Large language models are built on scale. The bigger they are, the better they perform. The appetite for letters of these omnivorous readers is insatiable, so their literary diet must grow steadily if AI is to live up to its promise. If Samuel Johnson, in one of his famous Ramblers of 1751, grumbled about the growing number of what he called “the drudges of the pen, the manufacturers of literature, who have set up for authors”, who knows what he would be saying about these large language drudges? We can speculate as much as we like, but one thing is certain: they, too, are hungry not just for any data, but especially for well-crafted data, high-quality texts. It is little wonder that Common Crawl, a digital archive containing some 50bn web pages, and Books3, a digital library of thousands of books, have become widely used in AI research. The problem is that high-quality texts have always been in short supply, not just in the age of Johnson, and this is a bottleneck that has sparked a lot of concern in the AI industry. Epoch AI, a research firm, estimates that the total effective stock of human-generated textual data is in the order of 300 trillion tokens, and if AI models with 5e28 floating-point operations continue to be trained “compute-optimally”, the available data stock will be exhausted in 2028. This is known in the industry as “data wall” (see here and here).

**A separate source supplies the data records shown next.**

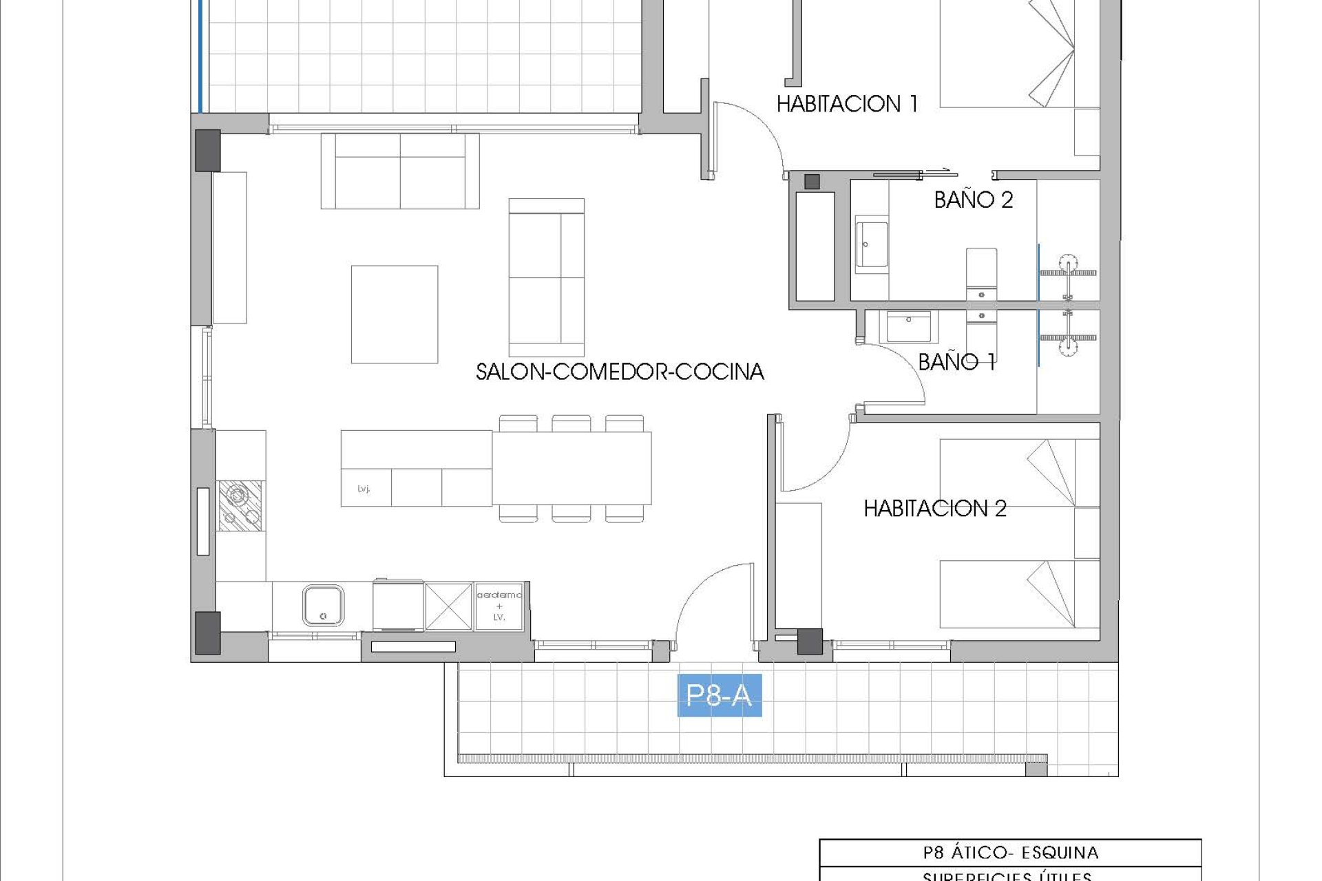 The interior design of the properties in this Benidorm residential complex focuses on comfort and modernity. The apartments, ground-floor units, and penthouses are equipped with ceramic floors that provide an elegant look and easy maintenance. Modern technology is integrated through video intercoms and electric shutters, ensuring comfort and security. The kitchens are fully equipped with high-quality appliances, and air conditioning ensures a pleasant environment year-round. Built-in wardrobes offer efficient storage, while the layout includes two bedrooms and two bathrooms, providing ample space for families or couples.
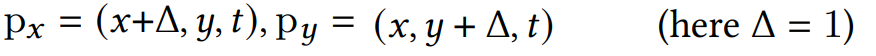 현재 픽셀 p와 이전 또는 이후 프레임 픽셀 p'가 같은 위치에 매핑되어야 한다.
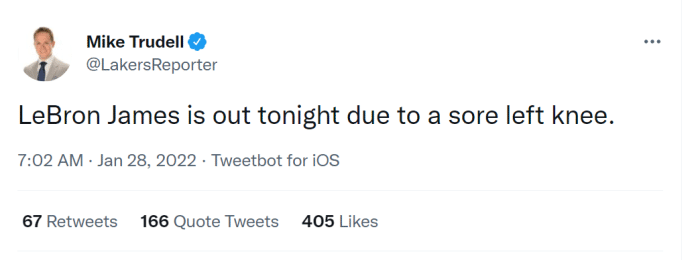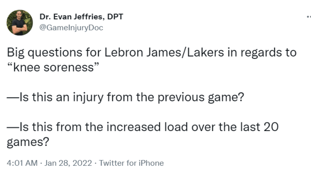 医学专家Evan Jeffries在社媒上表示:“湖人有背靠背要打,詹姆斯左膝酸痛缺战很正常,因为这可能是休息的代名词。我猜测不管他打不打,赛前都会热身测试一下。”不过,如果詹姆斯真的膝盖出现酸痛,那么詹姆斯上一次缺席比赛是在去年12月1日,他因新冠误诊而缺席了对国王的比赛。
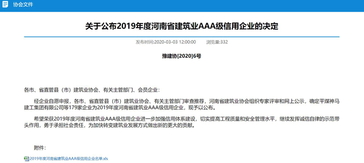 为进一步加强建筑企业信用体系建设,3月3日,河南省建筑业协会发布了《关于公布2019年度河南省建筑业AAA级信用企业的决定》,九游·体育(jiuyou.com)官方网站九游·体育(jiuyou.com)官方网站河南公司榜上有名,这也是河南公司首次上榜。
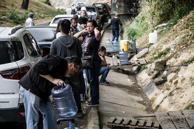 Personas recogiendo agua liberada a través de una tubería junto a una carretera durante una escasez de agua en la capital, Caracas, en 2019. SOPA Images Limited / Alamy Stock Photo
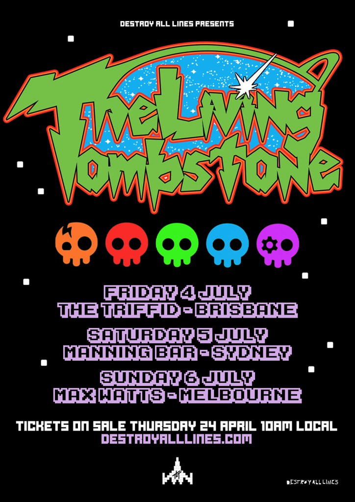 Le duo de cyber-rock le plus populaire d'Internet, la pierre tombale vivante, se trouve dans une tournée australienne en juillet et apporte son mélange turbocompressé de rock électrique, de culture de jeu et d'hymnes sur la côte est après le mème.
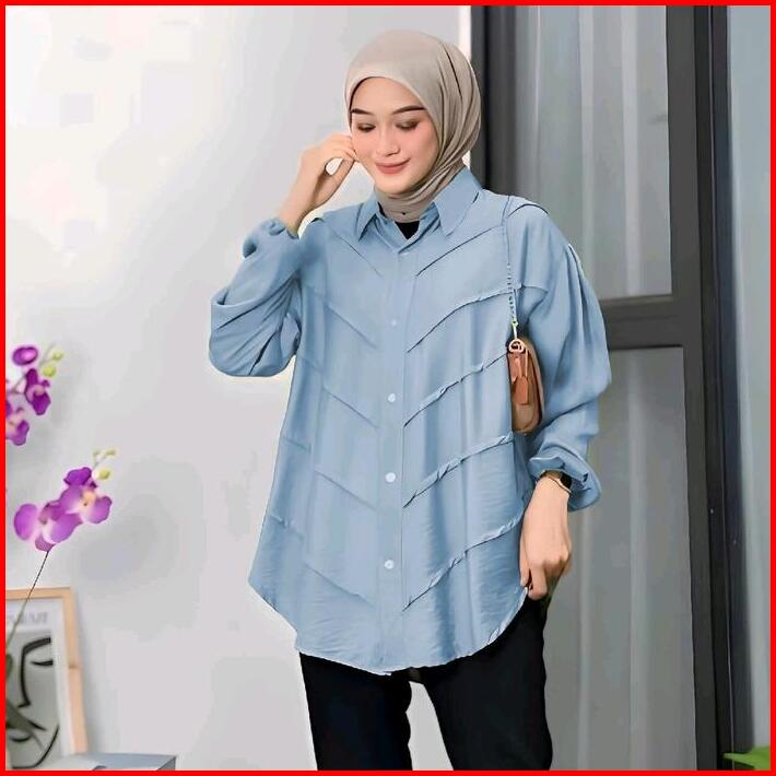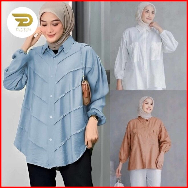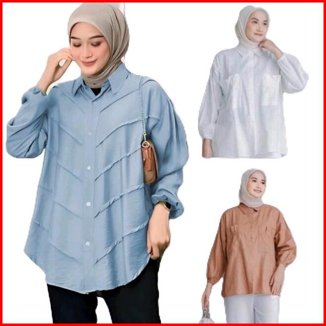 Paket 100 Dapat 3 Pcs Kemeja Wanita Motif Warna Random Atasan Baju Panjang Katun Linen Kantong Oversize
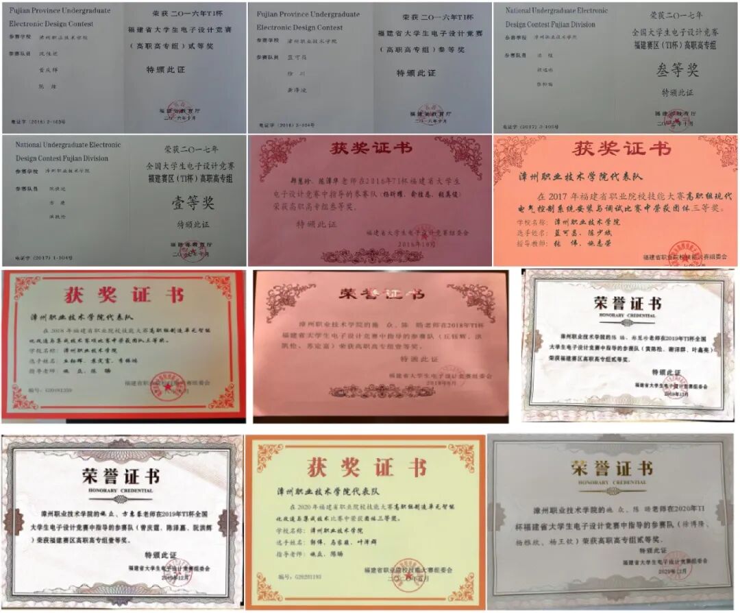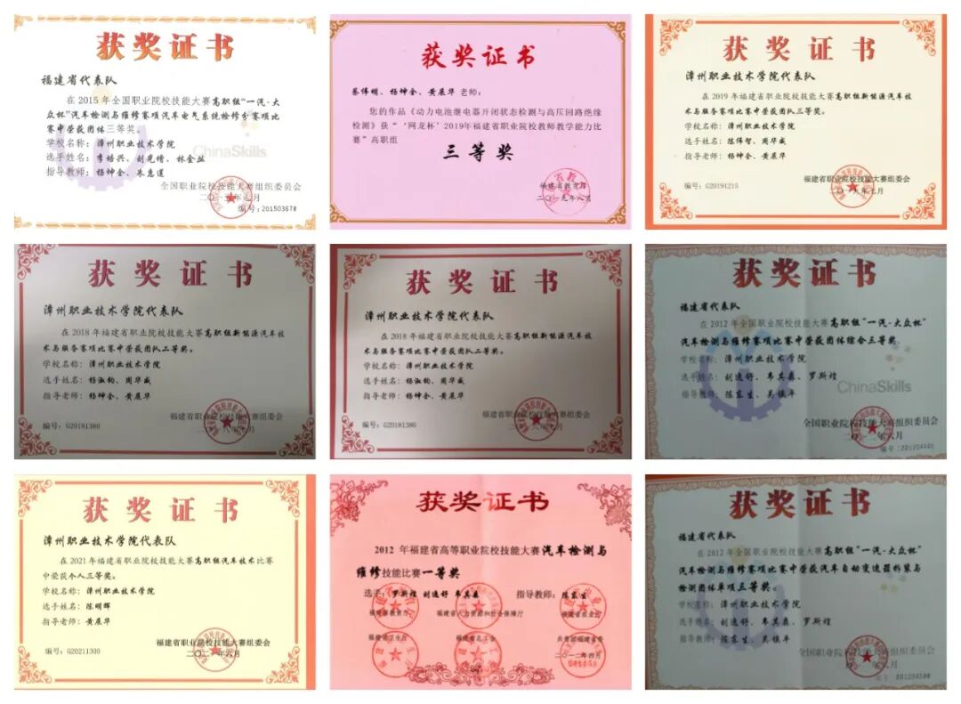 ▲学生参加技能竞赛获奖证书列举(滑动查看)
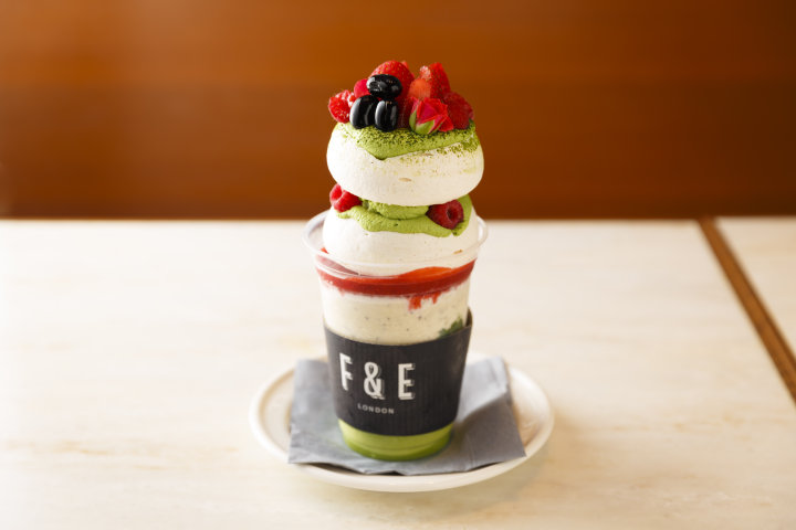 イギリスの伝統スイーツ、メレンゲとフルーツ、クリームなどを豪快に混ぜて楽しむ「イートンメス」。京都限定バージョンはイチゴと丹波黒豆、エディブルフラワーで彩られた見た目もきれいな一品。ほろにが抹茶クリーム、ホワイトメレンゲの下は丹波黒豆のシェイクや抹茶アイスが入っています。甘さは控えめで、爽やかな大人の味わいです。
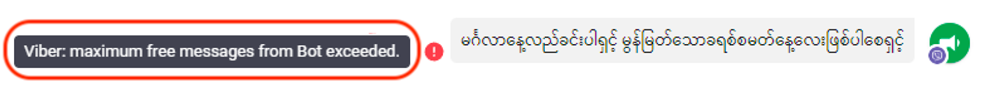 The first is when your account is blocked by Viber. This results in the error message publicAccountBlocked from Viber API being shown when you try and send a message from the platform. If this happens to you, contact Viber Support to unblock your account.
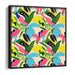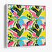 The canvas showcases an intricate pattern of stylized birds and tropical flowers, each element brought to life in vivid hues of pink, blue, green, and black set against a soothing cream background. The birds, depicted with sleek, abstract shapes, exude a sense of movement and vitality, while the flowers infuse the piece with a pop of color and organic richness.
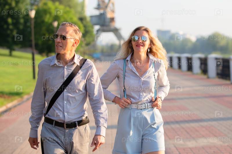 Взрослый мужчина и женщина, супружеская пара или туристы гуляют по городу и оглядываются
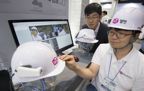 세계 최고 권위의 스마트시티 관련 행사인 '스마트시티 이노베이션 서밋 아시아 2016'이 20일 경기 고양시 킨텍스에서 개막했다. 아시아 최초로 열리는 이번 행사에서 LG유플러스 관계자들이 LTE를 통해 실시간 영상 및 음성 커뮤니케이션이 가능한 산업 안전 IoT 솔루션 'IoT 헬멧'을 시연하고 있다. /사진=박범준 기자
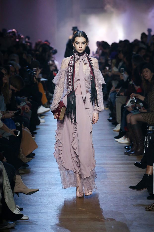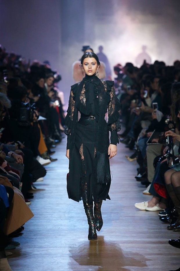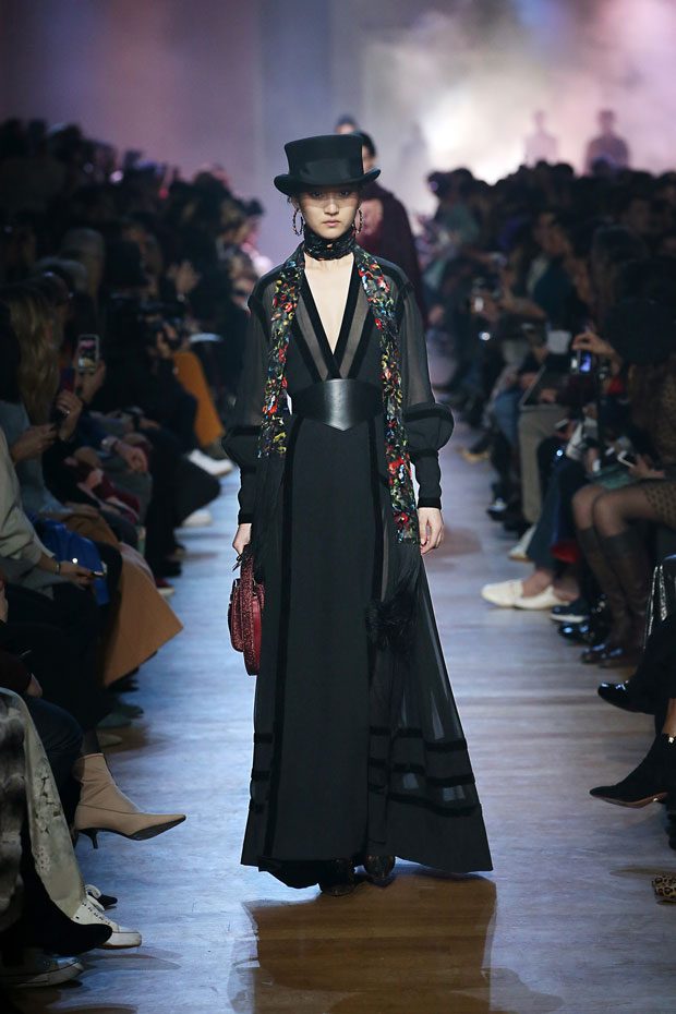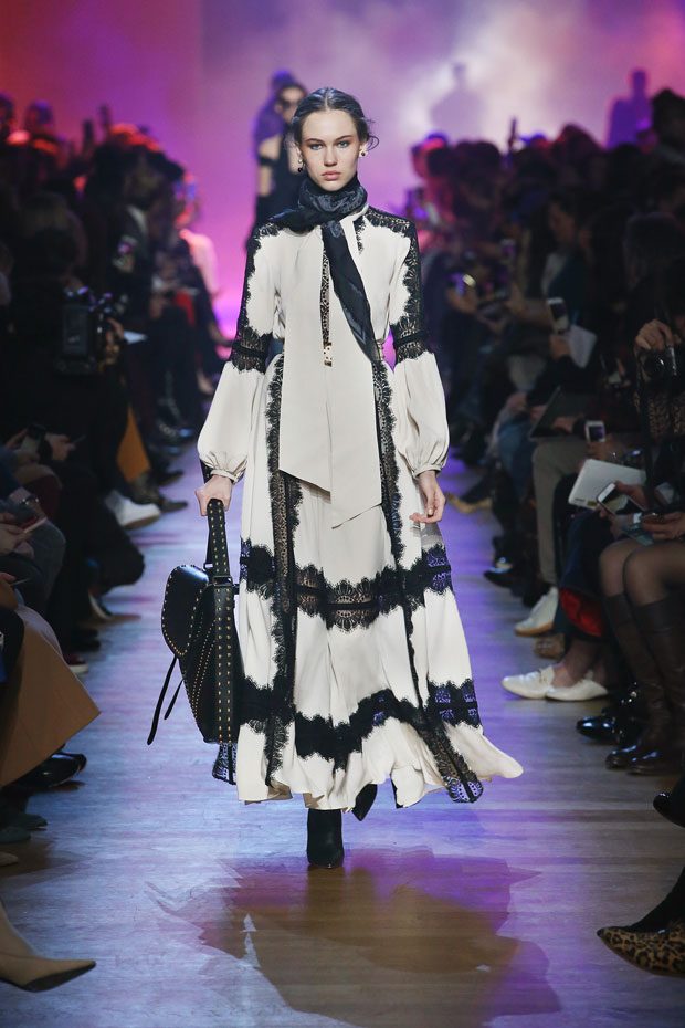 Discover Elie Saab‘s Fall Winter 2018.19 womenswear collection presented during Paris Fashion Week. The Fall-Winter 2018-19 Collection is inspired by the Victorian era— high necklines, ruffles, defined shoulders and statement sleeves.

But what will happen when we hit the data wall? Well, there is no definitive answer to that and, again, speculation abounds. One possibility is that, as we race towards the wall, high-quality texts will become ever more valuable to starving LLMs. This could give a whole new momentum to the copyright policy proposal to refine the opt-out vocabulary of possible uses of copyrighted material, thus providing authors with opt-out options that are more granular, e.g. providing licencing options, than the binary approach of either opting out of all text-and-data mining (TDM) or declaring no opt-out at all (see here).
Another avenue to explore could be the use of synthetic data as grist for the AI mill, i.e. using curated and high-quality synthetic data as training material. This alternative has some advantages. Real data is hard to come by and expensive to label; using synthetic data instead is not only cheaper but also promises to sidestep the thorny issues of privacy and copyright infringement (see Lee 2024).
But there are also important drawbacks to consider. The biggest concern with synthetic data is quality. Producing high-quality synthetic data is not as easy as it sounds on paper. In information theory there is a principle called “data processing inequality”, which roughly means that any data processing can only reduce the amount of information available, not add to it. Put simply, as new synthetic data comes in, a better version of it comes out (see Savage 2023). Even synthetic data that comes with privacy guarantees is necessarily a distorted version of the real data. So any modelling or inference performed on these artificial sets carries inherent risks (see Jordon et al. 2022). Another potential problem is that once synthetic data becomes the only game in town, its owners will be keen to claim copyright on it – or other forms of property – and litigate against other players in the AI business to protect their product. This would undermine the most promising aspect of synthetic data: its potential to redress the market imbalances in data access and democratise AI research. Moreover, the use of synthetic data in training sets may avoid copyright infringement, but only so long as the production of the synthetic data itself has not infringed any copyright. If it has, then training machine learning systems on that infringing data “may not resolve issues of copyright infringement so much as shift them earlier in the supply chain” (see Lee 2024). After all, every piece of synthetic data has a human fingerprint at its core.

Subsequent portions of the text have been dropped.